Drugs already approved for other uses in people help frogs survive deadly E. coli by changing their cells’ electrical charge.
The researchers found that administering drugs, including those already used in humans for other purposes, to make the cell interior more negatively charged strengthens tadpoles’ innate immune response to E. coli infection and injury. This reveals a novel aspect of the immune system – regulation by non–neural bioelectricity – and suggests a new approach for clinical applications in human medicine.

The study was published online May 26, 2017, in the journal Regenerative Medicine.

“All cells, not just nerve cells, naturally generate and receive electrical signals. Being able to regulate such non–neural bioelectricity with the many ion channel and neurotransmitter drugs that are already human–approved gives us an amazing new toolkit to augment the immune system’s ability to resist infections,” said the paper’s corresponding author Michael Levin, PhD, Vannevar Bush Professor of Biology and Director of the Allen Discovery Center at Tufts and the Tufts Center for Regenerative and Developmental Biology in the School of Arts and Sciences. Levin is also an Associate Faculty member of the Wyss Institute of Biologically Inspired Engineering at Harvard University.

In the study, embryonic Xenopus laevis frogs infected with human pathogenic E. coli bacteria were exposed to compounds, including some used in human medicine, to either depolarize (positively charge) or hyperpolarize (negatively charge) their cells. Developing X. laevis frogs are a popular model for regenerative, developmental, cancer and neurobiological studies.

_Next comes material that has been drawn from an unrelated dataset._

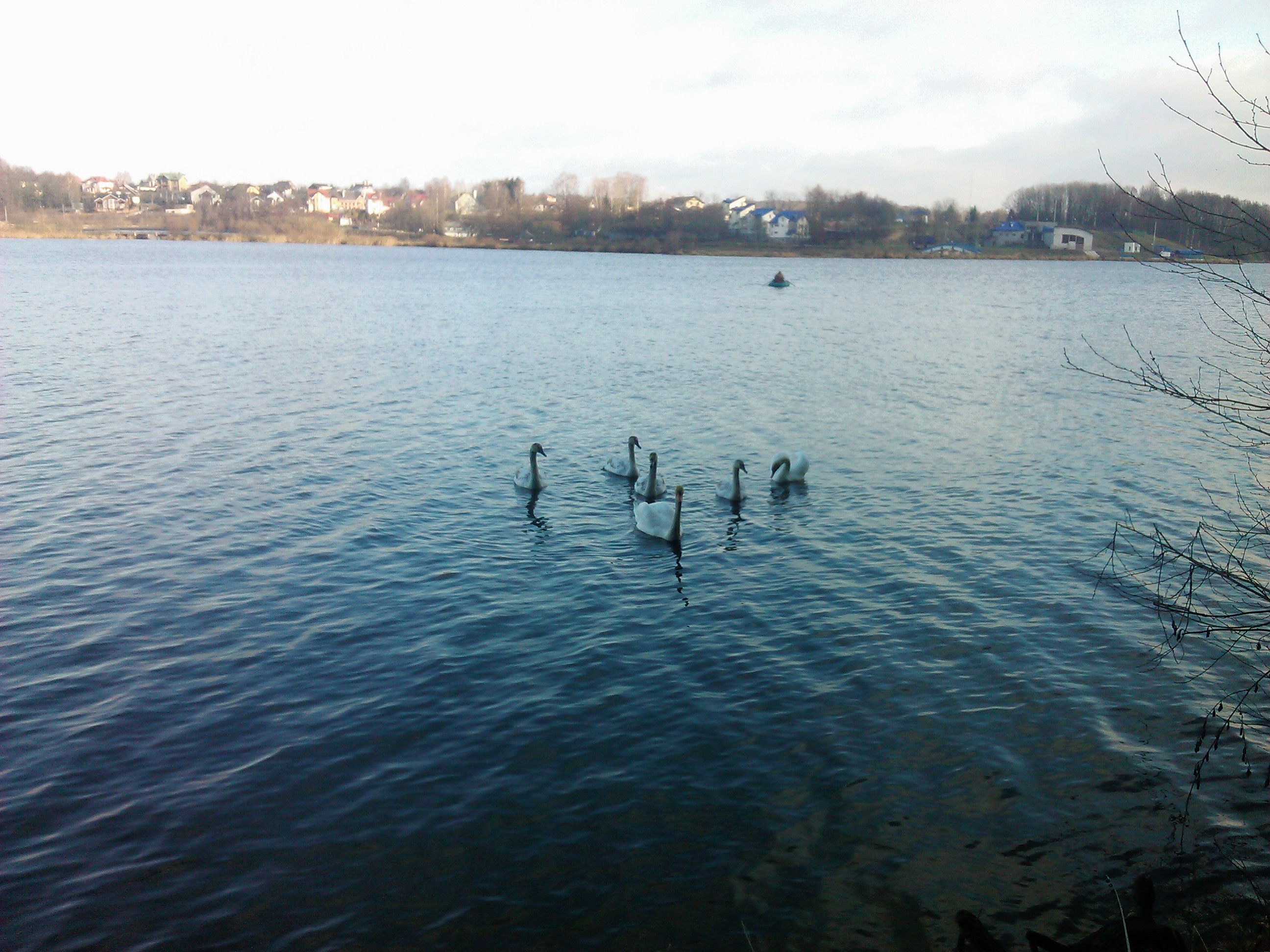 Уменьшения размера крючка и толщину поводка , картину сильно не меняло. Одна поклевка была ,чуть удилище в воду не улетело, подсечка -есть!! Сопротивляется , и очень активно ! Монстр попался, подумал я ! Подвожу к берегу , а нет, матросик в районе 100 грамм, а столько адреналина от его борьбы .Рыб продалжал поклёвывать , а я пытаться его поймать.Днем приплыли гости,очень близко метров на 10 от меня, не боятся вообще, а зря, могут найтись недоброжелатели и навредить красавцам. Прилично народу было на лодках , штук 5-6 пытались соблазнить хищника. Не далеко от берега на лодке рыболов ловил как я понял на зимнюю удочку .Короче все были в работе Думаю большинство тоже было довольна рыбалкой.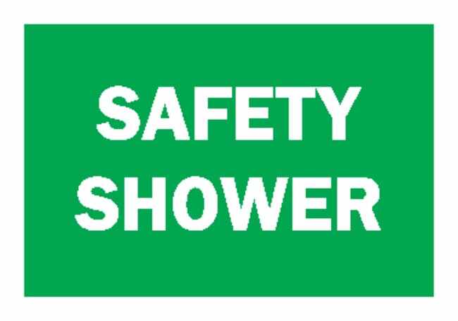 Bright colors and bold text provide high visibility to critical messagesLegend: SAFETY SHOWERWhite on GreenAvailable in different sizes and materialsB-120Premium Fiberglass: reinforced polyester sign panel with protected graphicsB-401Plastic — high-impact polystyreneB-302Self-sticking polyester — surface printed polyester, polyester overlaminate and sensitive acrylic

Depolarization with different agents significantly increased the embryos’ ability to resist the bacteria. The ratio of embryos that survived infection after receiving ivermectin, a human anti–parasitic, increased on average 32 percent compared with those not receiving the depolarizing compound. Mortality in untreated control embryos was 50 to 70 percent.

To verify that the depolarizing compounds were changing the host cells’ electrical charge and not simply harming the bacteria, further experiments were conducted in which tadpole cells were injected with mRNA that encoded specific ion channels that would depolarize the frog cells directly, without affecting the bacteria. This approach validated what was observed with the depolarizing drugs.

In contrast, injecting cells with hyperpolarizing channel–encoding mRNA reduced the ratio of infected embryos that survived by about 20 percent. Similarly, embryo survival was reduced by exposure to chemical compounds that hyperpolarized the embryos or interfered with depolarization.

Experiments also found that the neurotransmitter serotonin is an intermediary between voltage and immune response, a finding consistent with other recent research from the Levin laboratory. The common anti–depressant fluoxetine, which blocks serotonin movement in and out of cell membranes, was shown to negate the beneficial effects of depolarization on embryo survival.

Analysis of the genes whose expression was altered by changing the tadpole cells’ bioelectrical state found that the interplay among voltage, neurotransmitter signaling and immune function impacts many of the same genes that are involved in human immune response.

To examine the connection among bioelectrics, immunity and regeneration, the study investigated the effect of tail bud amputation on survival following infection. Surprisingly, removing embryos’ tail buds increased their ability to survive E. coli infection. Instead of the added stress of tail regeneration overwhelming the embryo, the injury and the infection induced common defense mechanisms, including recruiting macrophages, which appeared to increase efficiency in eliminating the bacteria.